AEOLIAN BEDFORMS AT THE EXOMARS ROSALIND FRANKLIN ROVER LANDING SITE


BALME, Matthew R., FAVARO, Elena, LEWIS, Stephen and BARRETT, Alexander, School of Physical Sciences, The Open University, Milton Keynes, MK7 6AA, United Kingdom

Meter-to kilometre-scale aeolian bedforms (ripples and dunes) are common on Mars and recent observations show that many are actively migrating. The ExoMars Rosalind Franklin Rover landing site, Oxia Planum, in northwest Arabia Terra, contains few kilometre-scale duneforms, but many metre-scale ‘ripple-like’ bedforms. We have studied the Oxia Planum site to measure the diversity and population density of these features, aiming to understand both the sediment transport history of the site, and whether aeolian bedforms pose a traversability hazard to the mission. We analysed high-resolution (25 cm/pixel) orbital remote sensing data using: (i) a machine-learning system and human mapping of meter-scale bedforms, (ii) in-situ analogue 3D profiling studies from previous Rover missions, (iii) atmospheric models, and (iv) a systematic survey of bedform azimuths to determine formative wind directions.

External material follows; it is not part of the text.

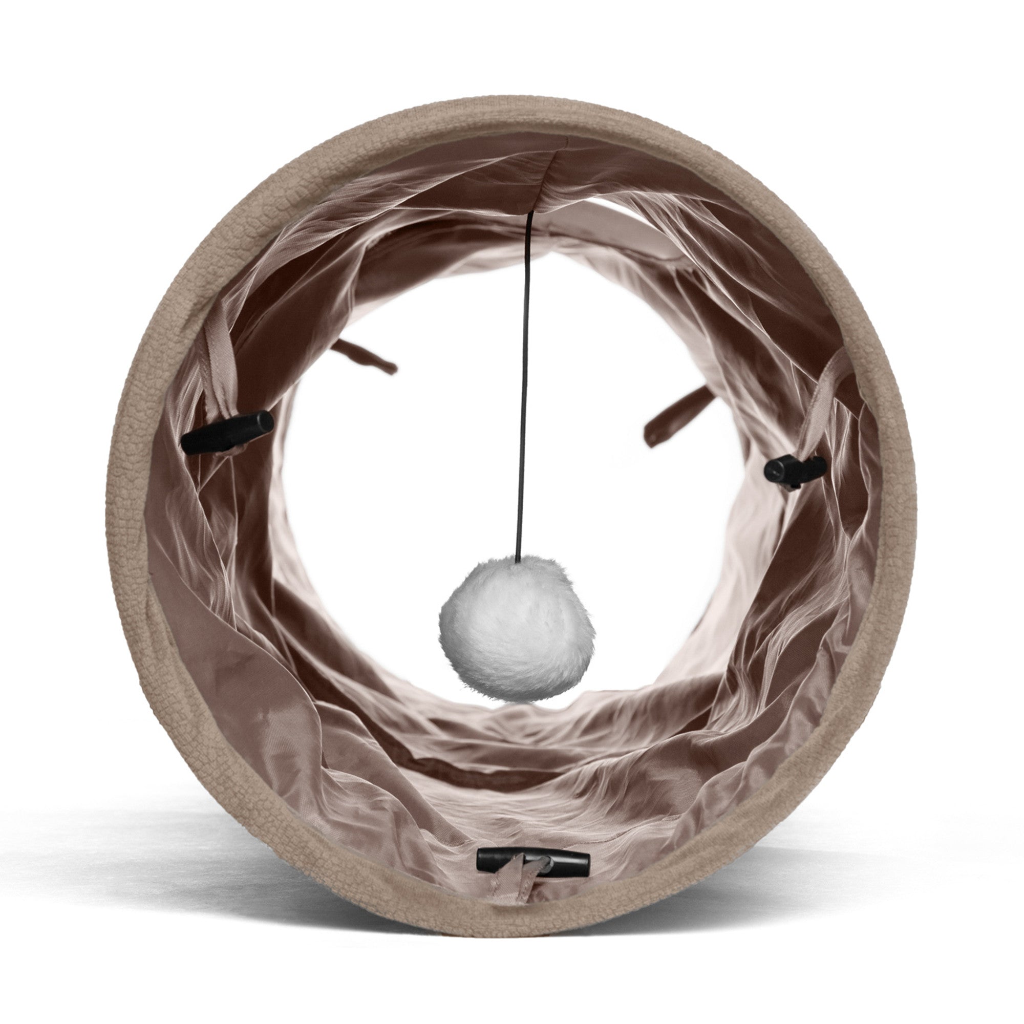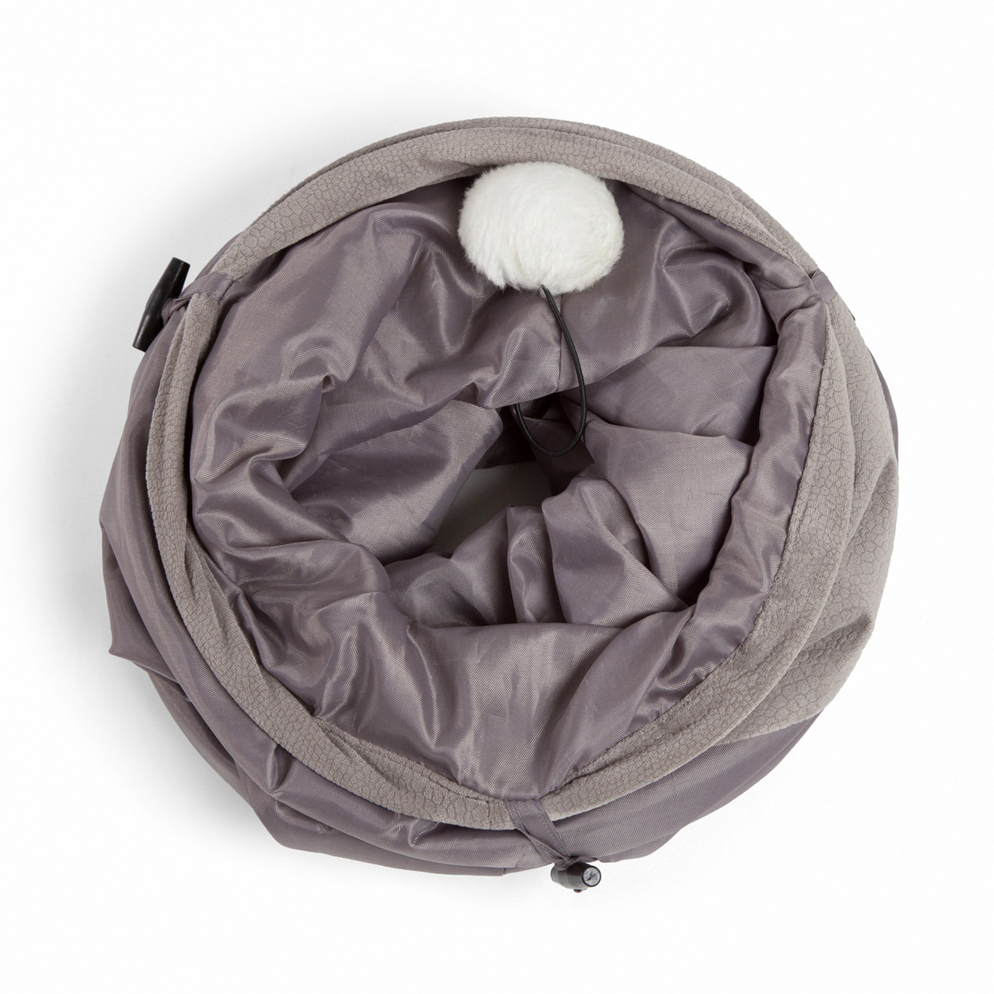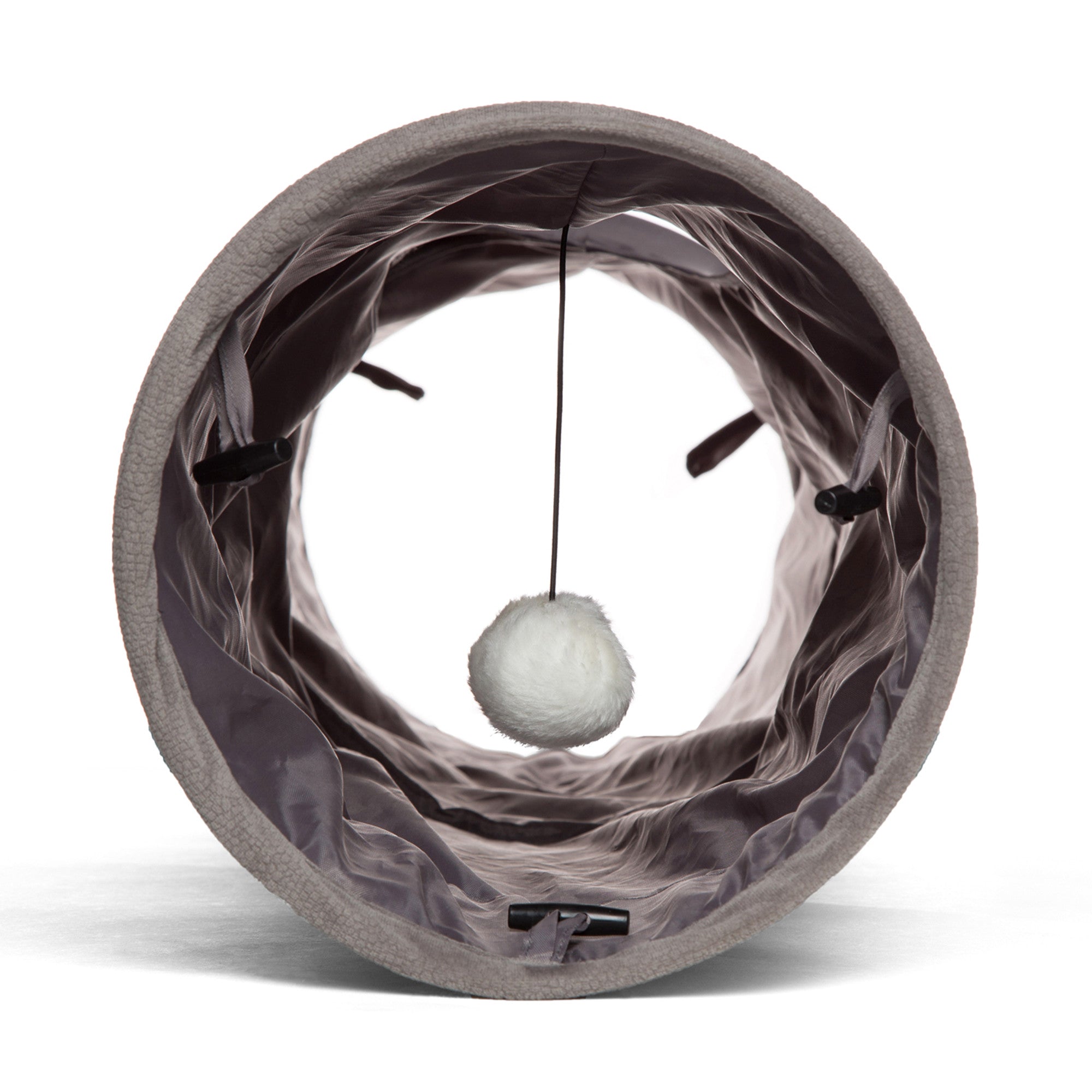 - Cat play tunnel: Your cat can go from snoozing to playing! The enclosed tunnel space includes a dangling ball toy for your cat to swat and bat.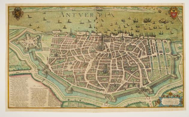 Joris Hoefnagel hat einen sehr schönen und detaillierten Plan der Stadt Antwerpen und der Zitadelle angefertigt. Er zeigt die Stadt in der Vogelperspektive. Sie erkennen auf dem Plan das Stadtbild und die bedeutendsten Monumente. Der Stich erschien in dem Buch „Civitates Orbis Terrarum“, das in der Zeit zwischen 1572-1616 herausgegeben wurde.

We find that larger bedforms (~>10 m across-bedform length) are common only within topographically enclosed spaces such as larger impact craters, but smaller (1-5 m across) ripple-like bedforms occur across the region, especially in the eastern part of the site. The larger bedforms generally form continuous patches of up to a few tens of bedforms, but the more common smaller bedforms occur as widespread discontinuous fields of 100s-1000s of individual bedforms. By analogy with measurements of similar bedforms made using Mars Exploration Rover-Opportunity data, we suggest that the smaller bedforms have crest heights of approximately 1/15th of their across-bedform length. Thus the numerous bedforms here that are 3-4 m across will have crest heights of only ~25 cm and should not pose a significant traversability hazard.

Almost all ripple-like bedforms in the study region have a consistent ~NE-SW azimuth, with no azimuth difference between larger and smaller bedform populations. We find little correspondence between aeolian bedform azimuth and present-day wind directions determined from a suite of Global Climate Model runs. We infer that the bedforms formed under wind conditions different than today’s. We infer also that they are not currently active; if they were active, we would expect the smaller bedforms (that adapt more quickly to changing wind conditions) to have a different azimuthal trend to the larger examples. We conclude that the Oxia Planum aeolian bedforms are a relic of a different wind regime – although testing this result will require in-situ measurement when Rosalind Franklin begins its surface mission in 2023.